# Working with Colors - Lionheads



## Ms. Research (Jan 9, 2012)

OK, the long trip fell through on my end, darn, so I've been working diligently all day yesterday looking for Purebred Lionheads.  Found breeders in PA and NJ who really have some awesome lionheads.  

So new about colors.  Love colors but need to know how to get them.  

Have a chance to get:  

Blue 
Black
Chocolate
REW

Not sexed yet.  


I am considering going with the Blue and Black.  Both are double mane.    I hear REW and Chocolate are hard colors to work with.

Any suggestions or input will be greatly appreciated.  I think I would like to stick with the Black (B line) and the blue is in the Black line as well.  Can get Torts, solids, 

And does the buck's color dominate.   Plus does the buck pass the double mane gene?


Thanks for the help.  Really excited and have lots of different options.  

K


----------



## Bunnylady (Jan 9, 2012)

Can't help you with the mane thing, because I have no experience with Lionheads.
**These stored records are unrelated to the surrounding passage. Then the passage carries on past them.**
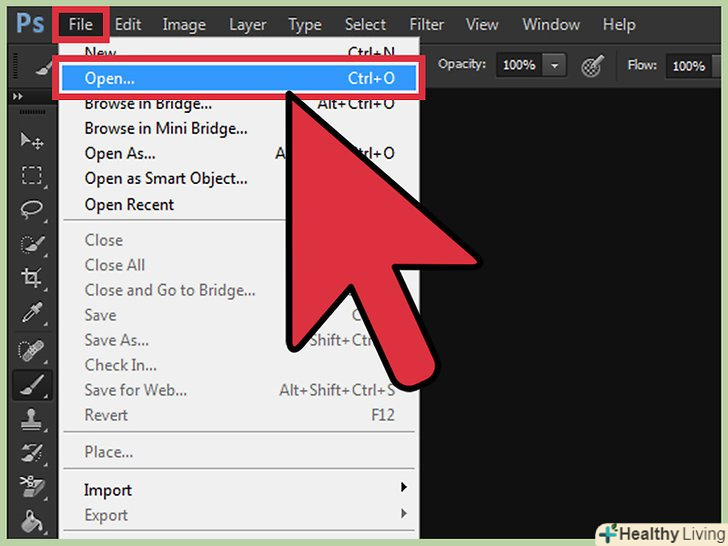 Відкрийте зображення в Photoshop. натисніть «Файл» gt; «Відкрити» і виберіть перше зображення, яке буде базовим. Відкрийте зображення в Photoshop. натисніть «Файл» gt; «Відкрити» і виберіть перше зображення, яке буде базовим.
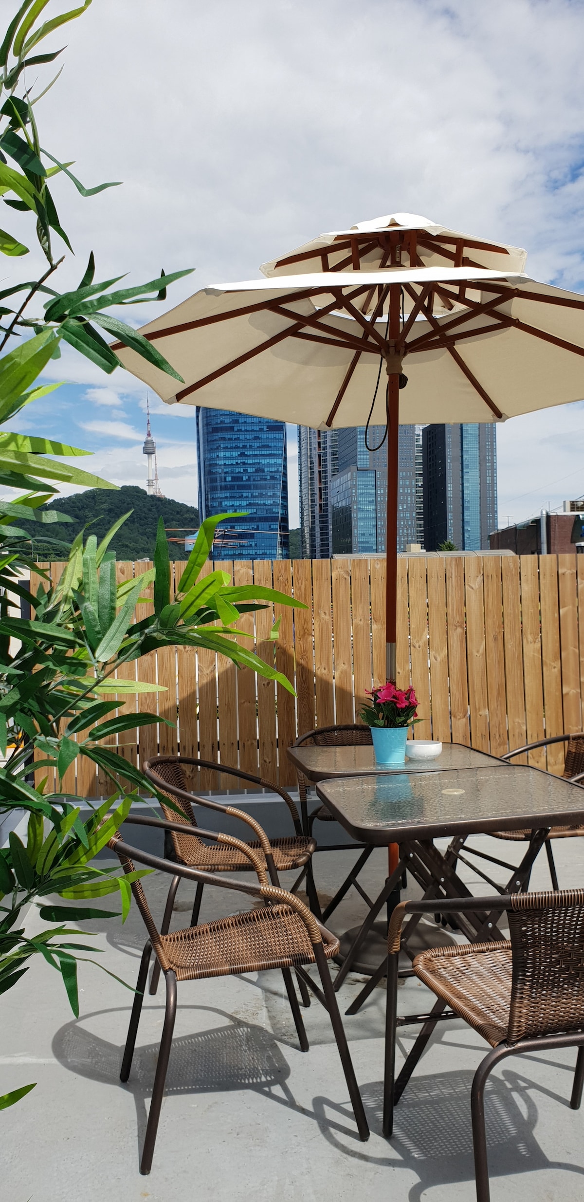 Fully renovated and cozy penthouse apartment with great views of Seoul. Don't miss the one from the hinoki bath. Portable WiFi provided. Great location in trendy Gangnam, one of the busiest districts of Seoul, blending modernity and tradition... Right out of Subway line n. 9 Bongeunsa station with Bongeunsa temple, Coex Mall and SM Town literally at your doorstep. 강남 도심과 한강, 그리고 녹음과 전통의 미가 어우러진 봉은사까지 파노라마 뷰를 즐길 수 있는 펜트하우스입니다. 고급 자재를 사용해 풀리노베이션하여 모던하고 쾌적합니다. 히노끼욕조에서 도심 노천탕 분위기 속에 피로를 풀어보세요.
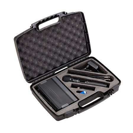 Cechy kluczowe: Pasmo pracy UHF E (823-832 MHz) Technologia cyfrowego przesyłania audio Monitorowanie stanu mikrofonu na odbiorniku Brak zakłóceń nawet na tej samej częstotliwości Bardzo niskie opóźnienia audio Częstotliwość próbkowania 48kHz Pasmo przenoszenia 30-20kHz Kolorowy wyświetlacz TFT w odbiorniku Automatyczne skanowanie częstotliwości i analizator widma Idealny dystans pracy 50m System synchronizacji Tx-Rx (IR) dla szybkiego rozpoczęcia pracy Profesjonalny mikrofon z dynamiczną, kardioidalną kapsułą i akumulatorem Zestaw Rack dla 1 lub 2 jednostek odbiornika do jednostki rack 19” (opcjonalne) System: Częstotliwość: UHF823-832MHz Przepustowość: 9MHz Przepustowość kanału: 100kHz Presety: 10 grup, 9 częstotliwości w każdej Zakres dynamiki: >98dB Współczynnik zawartości harmonicznych (THD): <0,1% Pasmo przenoszenia: 30Hz-20kHz / ±2dB Poziom audio na wyjściu: Symetryczne 400mV; niesymetryczne 400mV Wymiary transportowe: 436 x 104 x 324mm Waga transportowa: 2,5kg Odbiornik: Zasilacz: DC 12V / 1000mA Pobór mocy odbiornika: 5W Stosunek S/N: >98dB Czułość odbioru: -95dBm Opóźnienie: <3ms Wymiary: 210 x 45 x 118mm (bez anten) Długość anten: 255mm Waga: 0,4kg Mikrofon: Moc: 10mW Typ modulacji: DQPSK Bateria: 1x 3,7V - 1200mAh Litowa bateria z możliwością ponownego ładowania (typ 18500) Czas pracy: 5-7 godzin Czas ładowania baterii: około 3,5 godziny Wymiary: Ø35 (min) - Ø46 (max) x 240 mm Waga: 0,26kg (z bateriami)
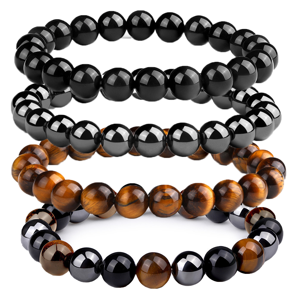 Gemstone Bracelets Obsidian with Iron Rock & Tiger Eye Round 4 pieces & fashion jewelry & Unisex mixed colors 8mm Sold By Set
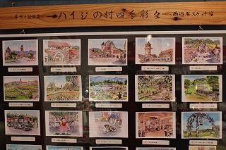 ハイジのテーマ館では、園内をスケッチした絵はがきや、ハイジの村の

Don't want any, either - seen too much trouble with them locally. (suspect bad local breeders) 

But on the matter of color - that I do know a bit about.

If you are breeding with an eye toward producing showable rabbits, well, maybe you can find a place to show Lionheads. I believe it is still at the discretion of the group holding the show at this time, whether they will accept Lionheads or not. But black and blue do give you the highest likelihood of producing rabbits that won't be DQ'd because of color. If you just want to produce pretty bunnies, that would depend on how you define "pretty." Some non-showable colors can be really eye-catching.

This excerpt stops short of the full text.